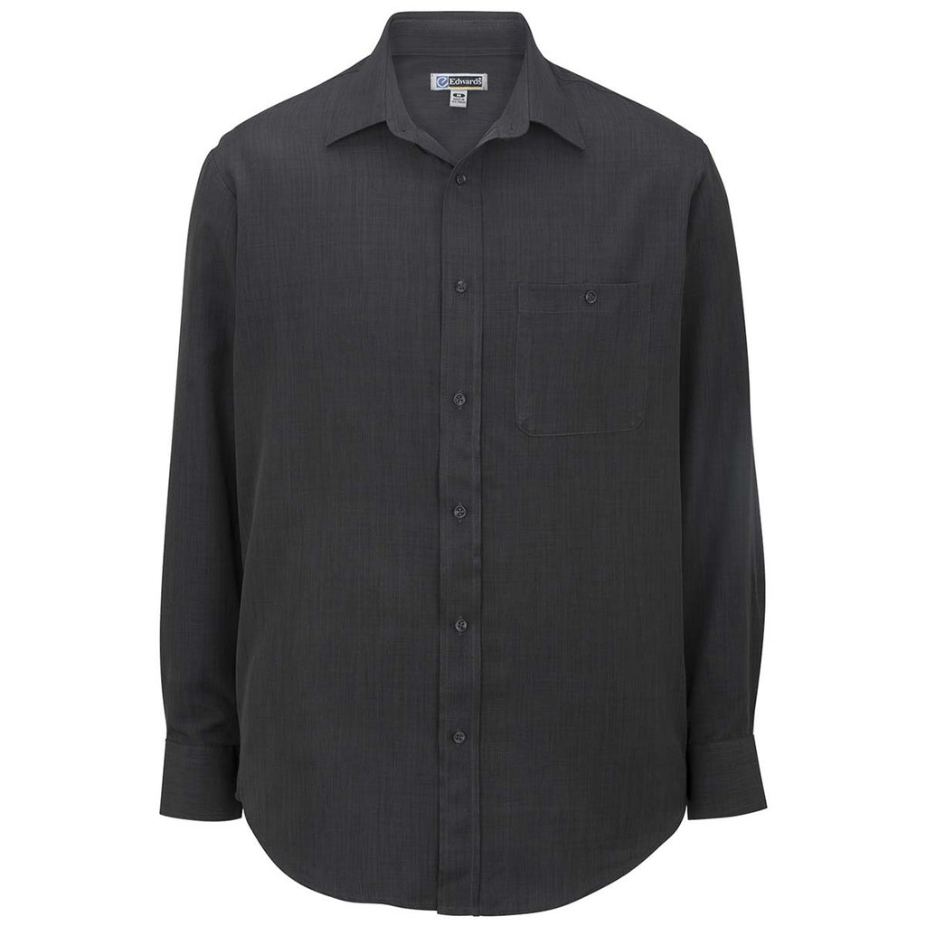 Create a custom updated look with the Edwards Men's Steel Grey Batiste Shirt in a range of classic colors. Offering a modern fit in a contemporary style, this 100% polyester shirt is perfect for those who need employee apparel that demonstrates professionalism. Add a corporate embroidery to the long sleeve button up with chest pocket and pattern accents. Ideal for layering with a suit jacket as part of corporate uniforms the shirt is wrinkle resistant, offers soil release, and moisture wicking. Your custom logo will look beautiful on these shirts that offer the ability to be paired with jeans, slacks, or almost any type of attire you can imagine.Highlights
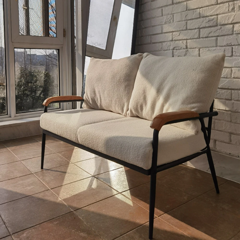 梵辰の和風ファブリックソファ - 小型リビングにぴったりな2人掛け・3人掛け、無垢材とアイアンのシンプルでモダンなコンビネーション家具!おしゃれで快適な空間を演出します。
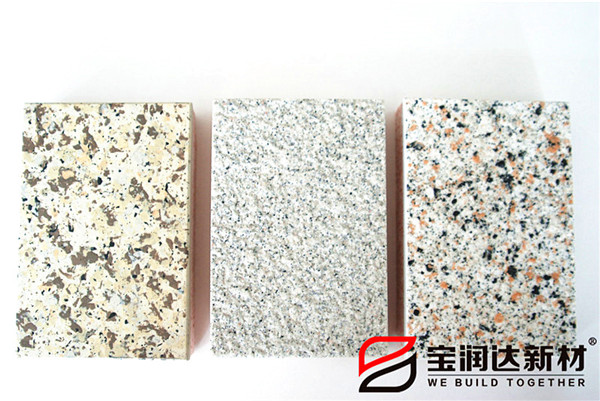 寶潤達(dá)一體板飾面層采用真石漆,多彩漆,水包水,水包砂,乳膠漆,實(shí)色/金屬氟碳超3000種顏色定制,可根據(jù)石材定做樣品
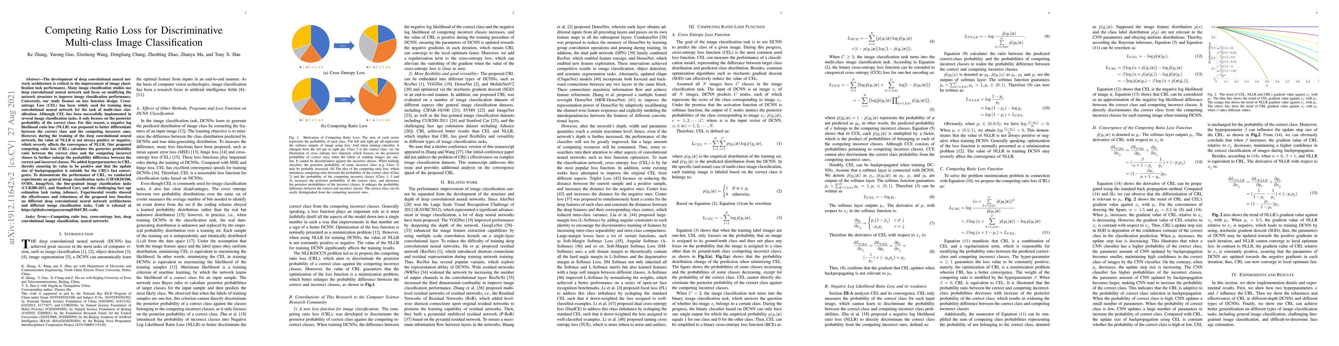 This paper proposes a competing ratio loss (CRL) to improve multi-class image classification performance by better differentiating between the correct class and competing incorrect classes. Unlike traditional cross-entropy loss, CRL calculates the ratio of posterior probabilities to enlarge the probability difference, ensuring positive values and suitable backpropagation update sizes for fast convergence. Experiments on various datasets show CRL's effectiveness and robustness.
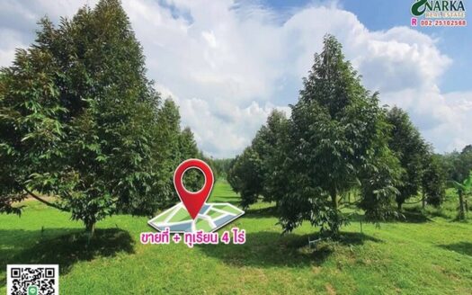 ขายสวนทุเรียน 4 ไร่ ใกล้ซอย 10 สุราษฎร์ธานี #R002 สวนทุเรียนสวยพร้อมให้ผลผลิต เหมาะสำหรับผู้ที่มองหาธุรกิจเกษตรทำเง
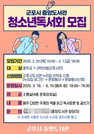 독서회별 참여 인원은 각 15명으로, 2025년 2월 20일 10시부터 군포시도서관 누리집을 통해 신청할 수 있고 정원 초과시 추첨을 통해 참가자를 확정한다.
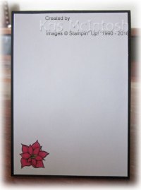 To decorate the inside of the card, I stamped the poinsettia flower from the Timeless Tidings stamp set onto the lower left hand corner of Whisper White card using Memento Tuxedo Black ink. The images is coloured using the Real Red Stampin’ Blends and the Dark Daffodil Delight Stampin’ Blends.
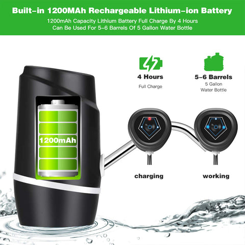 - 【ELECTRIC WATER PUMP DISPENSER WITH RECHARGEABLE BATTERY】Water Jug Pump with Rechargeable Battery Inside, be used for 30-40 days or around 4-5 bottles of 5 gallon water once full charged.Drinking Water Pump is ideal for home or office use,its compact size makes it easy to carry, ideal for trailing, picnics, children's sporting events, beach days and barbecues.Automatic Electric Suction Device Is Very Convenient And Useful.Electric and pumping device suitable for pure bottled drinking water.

*Aim of the task*. The copy should start at the line that contains "This paper proposes", end at the last line of the entries above, and match each line exactly, with pictures dropped.

*Exercise result*.
 This paper proposes a competing ratio loss (CRL) to improve multi-class image classification performance by better differentiating between the correct class and competing incorrect classes. Unlike traditional cross-entropy loss, CRL calculates the ratio of posterior probabilities to enlarge the probability difference, ensuring positive values and suitable backpropagation update sizes for fast convergence. Experiments on various datasets show CRL's effectiveness and robustness.
 ขายสวนทุเรียน 4 ไร่ ใกล้ซอย 10 สุราษฎร์ธานี #R002 สวนทุเรียนสวยพร้อมให้ผลผลิต เหมาะสำหรับผู้ที่มองหาธุรกิจเกษตรทำเง
 독서회별 참여 인원은 각 15명으로, 2025년 2월 20일 10시부터 군포시도서관 누리집을 통해 신청할 수 있고 정원 초과시 추첨을 통해 참가자를 확정한다.
 To decorate the inside of the card, I stamped the poinsettia flower from the Timeless Tidings stamp set onto the lower left hand corner of Whisper White card using Memento Tuxedo Black ink. The images is coloured using the Real Red Stampin’ Blends and the Dark Daffodil Delight Stampin’ Blends.
 - 【ELECTRIC WATER PUMP DISPENSER WITH RECHARGEABLE BATTERY】Water Jug Pump with Rechargeable Battery Inside, be used for 30-40 days or around 4-5 bottles of 5 gallon water once full charged.Drinking Water Pump is ideal for home or office use,its compact size makes it easy to carry, ideal for trailing, picnics, children's sporting events, beach days and barbecues.Automatic Electric Suction Device Is Very Convenient And Useful.Electric and pumping device suitable for pure bottled drinking water.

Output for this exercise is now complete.